Top of Collected material

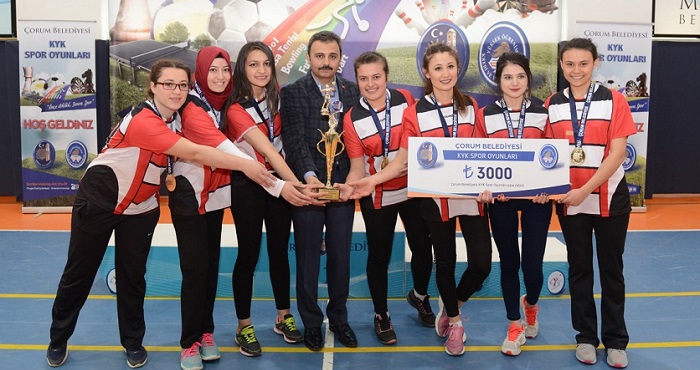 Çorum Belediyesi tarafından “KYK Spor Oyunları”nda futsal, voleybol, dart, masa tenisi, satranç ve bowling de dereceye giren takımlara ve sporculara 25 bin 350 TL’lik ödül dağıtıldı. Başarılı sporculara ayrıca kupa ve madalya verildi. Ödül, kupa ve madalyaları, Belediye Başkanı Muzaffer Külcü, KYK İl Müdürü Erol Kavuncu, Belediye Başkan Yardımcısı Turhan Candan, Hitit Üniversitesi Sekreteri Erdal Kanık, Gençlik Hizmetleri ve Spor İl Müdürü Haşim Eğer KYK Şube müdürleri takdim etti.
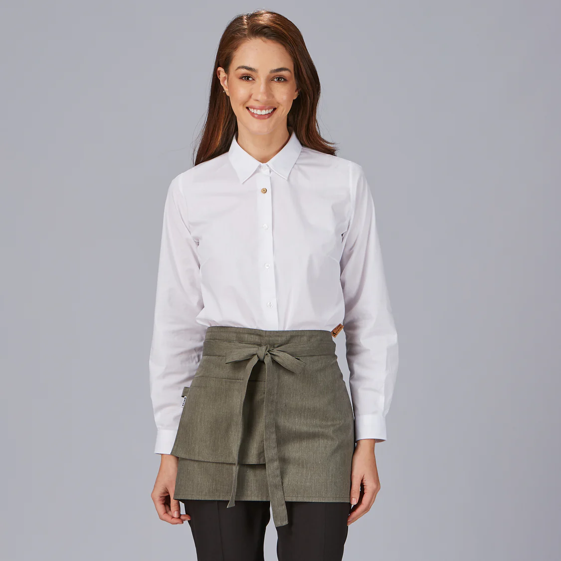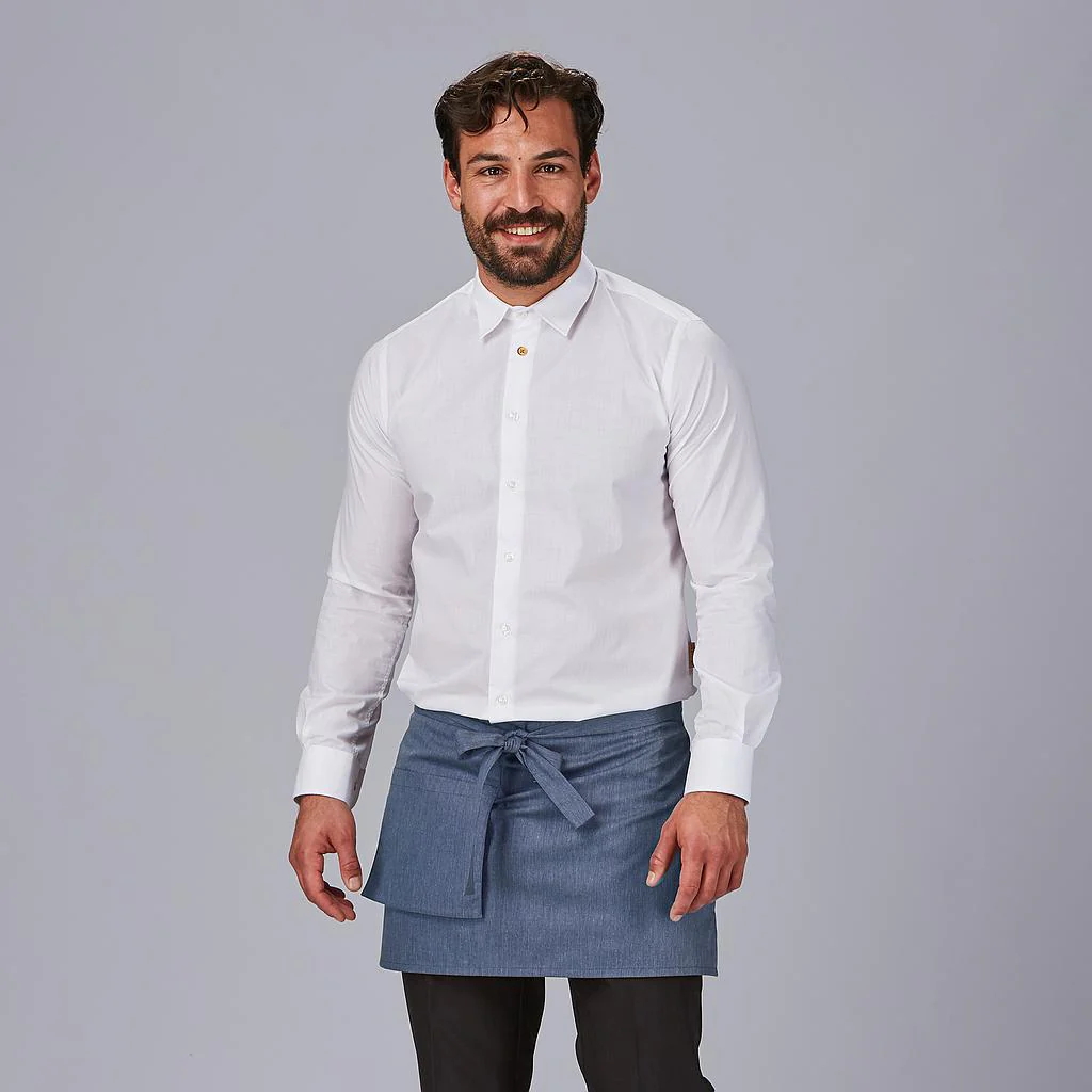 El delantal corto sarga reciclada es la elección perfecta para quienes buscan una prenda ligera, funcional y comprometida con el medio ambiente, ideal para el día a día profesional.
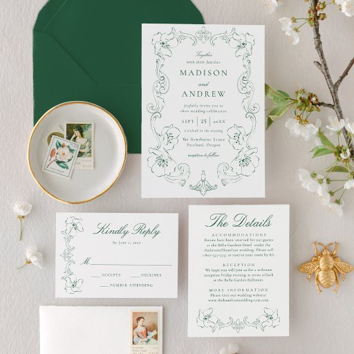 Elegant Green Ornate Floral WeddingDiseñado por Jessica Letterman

Bottom of Collected material

> Exercise description: Write out the line that contains "El delantal corto" and every line after it to the end of the data, exactly as they stand. Omit the pictures.

> Response to the exercise:
 El delantal corto sarga reciclada es la elección perfecta para quienes buscan una prenda ligera, funcional y comprometida con el medio ambiente, ideal para el día a día profesional.
 Elegant Green Ornate Floral WeddingDiseñado por Jessica Letterman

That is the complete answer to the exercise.